Experimente mit Farbnebeln
Vielleicht war es die Unschärfe in den Gemälden von Gerhard Richter, die Udo Knake an die Farbbilder erinnert hat, die regelmäßig in seiner Werkstatt beim Lackieren entstehen. Da Tischler und Tischlerinnen für jeden Kunden und jede Kundin ein persönliches Unikat herstellen – auch, was die Lackierung angeht –, greifen sie dafür zur Spritzpistole. Dabei ist es unvermeidlich, dass beim Sprühen auch immer ein wenig Lack „daneben“ geht, der sich dann als Farbnebel auf den Oberflächen, auf denen die lackierten Teile stehen, absetzt.

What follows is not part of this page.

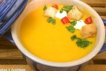 - Lo trituro junto al zumo de naranja ( no olvidéis si esta ácida añadirle miel o azúcar)- Añades la leche o nata- Corriges de sal .
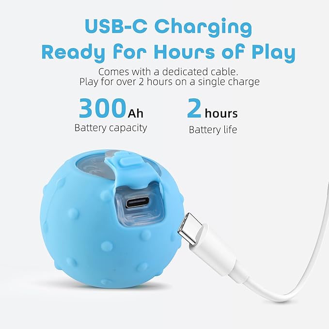 - USB-C Rechargeable, Durable Build & Easy Maintenance – Powered by a USB-C cable (included, 5V/1A adapter recommended) for reliable, repeatable charging. One charge supports multiple play sessions, eliminating disposable batteries. Built tough to withstand zoomies, bumps, and even dog sneak attacks. Simply clear trapped hair after play to maintain peak performance.

Udo Knake sah sich das Overspray an seinen Handspritzständen noch einmal genauer an und begann mit Furnierresten aus unterschiedlichen Hölzern und mit unterschiedlichen Farbstellungen zu experimentieren. Er arrangierte die Furnierstreifen unterschiedlicher Holzarten rund um die Handspritzstände, sodass diese das Overspray auffingen und so unterschiedliche Farbnuancen annahmen. Der ökologische Faktor sei ihm dabei sehr wichtig, betont der Tischlermeister: „Ganz besonders gefällt mir der nachhaltige Gedanke – dass wir aus dem Overspray, das sonst nicht mehr genutzt wird, noch etwas Neues machen können.“

"Mir gefällt der nachhaltige Gedanke – dass wir aus dem Overspray, das sonst nicht mehr genutzt wird, noch etwas Neues machen können."

Erste Prototypen
Derzeit probiert Udo Knake noch aus, wie er seine Furniere am besten einsetzen kann – erste Prototypen gibt es bereits. Darunter sind nicht nur Möbel, sondern auch Wandbilder, für die Udo Knake Furnierstreifen mit unterschiedlichen Strukturen und Farbgebungen zu einem Bild komponiert und mit Möbelöl geschützt hat: Ein ungewöhnliches „Ölgemälde“, das an der Wand hängen, genauso gut aber auch zum Couchtisch werden kann.